Let $\sequence {A_n}_{n \in \N}$ be a sequence of $\Sigma$-measurable sets.

Then there exists a sequence of $\Sigma$-measurable pairwise disjoint sets $\sequence {B_n}_{n \in \N}$ such that:

$\ds \bigcup_{n \mathop = 1}^\infty A_n = \bigcup_{n \mathop = 1}^\infty B_n$

That is:

any countable union of $\Sigma$-measurable sets can be rewritten as the countable union of pairwise disjoint $\Sigma$-measurable sets.

Proof

Define the sequence $\sequence {B_i}_{i \mathop \in \N}$ by:

$B_1 = A_1$

and:

$\ds B_n = A_n \setminus \paren {\bigcup_{i \mathop = 1}^{n - 1} A_i}$

for $n > 1$.

We show that each $B_n$ is $\Sigma$-measurable.

Since $A_1 \in \Sigma$, we immediately get $B_1 \in \Sigma$.

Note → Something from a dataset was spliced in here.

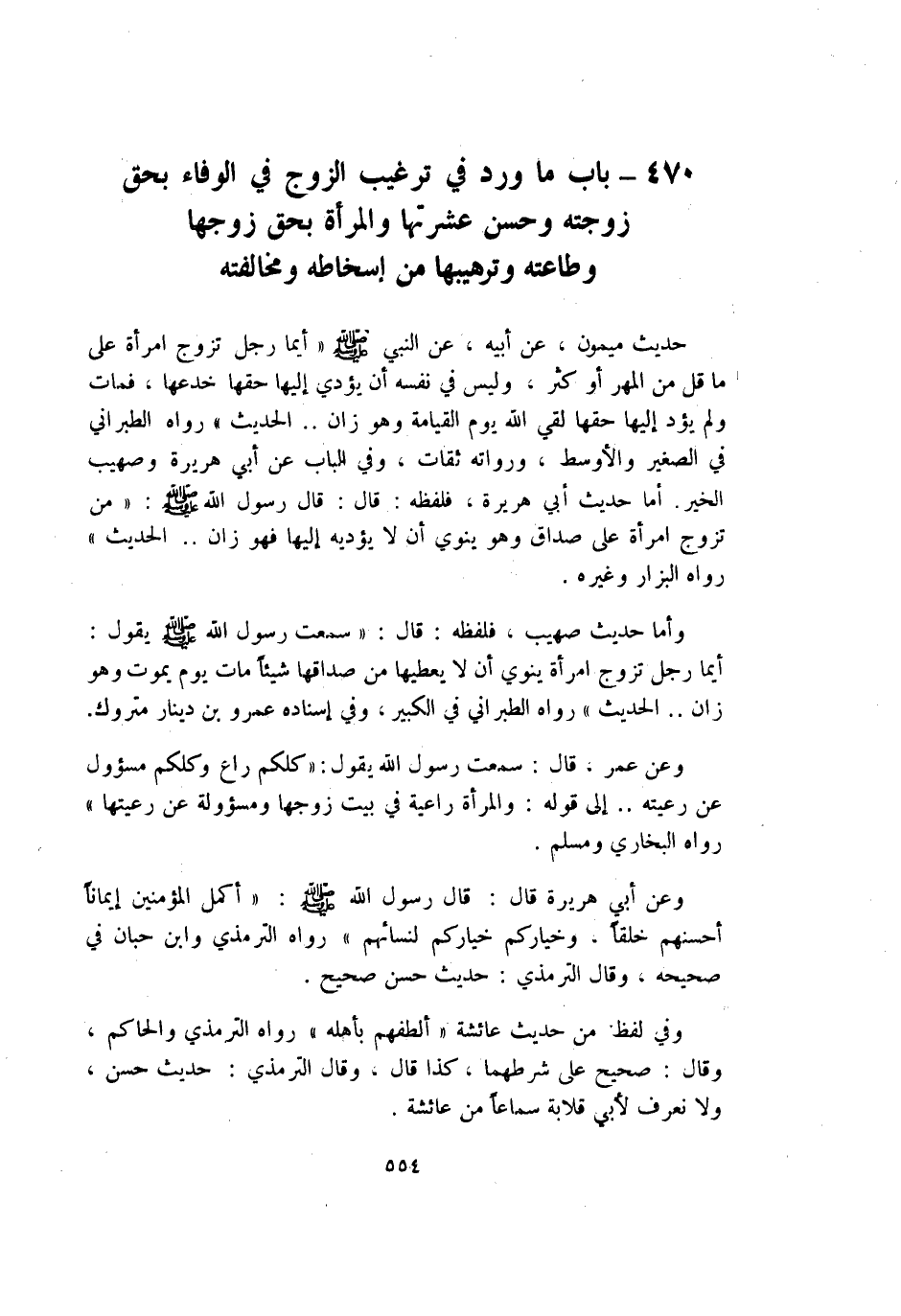 470 - بَاب مَا ورد فِي ترغيب الزَّوْج فِي الْوَفَاء بِحَق زَوجته وَحسن عشرتها وَالْمَرْأَة بِحَق زَوجهَا وطاعته وترهيبها من إسخاطه ومخالفته

By De Morgan's Laws, we have:

$\ds B_n = A_n \cap \paren {\bigcap_{i \mathop = 1}^{n - 1} \paren {X \setminus A_i} }$

Note that since $A_i \in \Sigma$ for each $i$, we have:

$X \setminus A_i \in \Sigma$ for each $i$

by the definition of a $\sigma$-algebra.

Then from Sigma-Algebra Closed under Countable Intersection, we have:

$\ds \bigcap_{i \mathop = 1}^{n - 1} \paren {X \setminus A_i} \in \Sigma$

Applying Sigma-Algebra Closed under Countable Intersection again we have:

$\ds B_n = A_n \cap \paren {\bigcap_{i \mathop = 1}^{n - 1} \paren {X \setminus A_i} } \in \Sigma$

for $n > 1$.

So each $B_n$ is $\Sigma$-measurable.

We now show that $\sequence {B_n}_{n \mathop \in \N}$ is a pairwise disjoint family of sets.

Since:

$\ds B_n = A_n \setminus \paren {\bigcup_{i \mathop = 1}^{n - 1} A_i}$

By the definition of set difference, we have:

$\ds B_n \cap \paren {\bigcup_{i \mathop = 1}^{n - 1} A_i} = \O$

so:

$B_n$ is disjoint to $A_1, A_2, \ldots, A_{n - 1}$ for each $n > 1$.

Since $B_i \subseteq A_i$ for each $i$, we therefore have:

$B_n$ is disjoint to $B_1, B_2, \ldots, B_{n - 1}$ for each $n > 1$.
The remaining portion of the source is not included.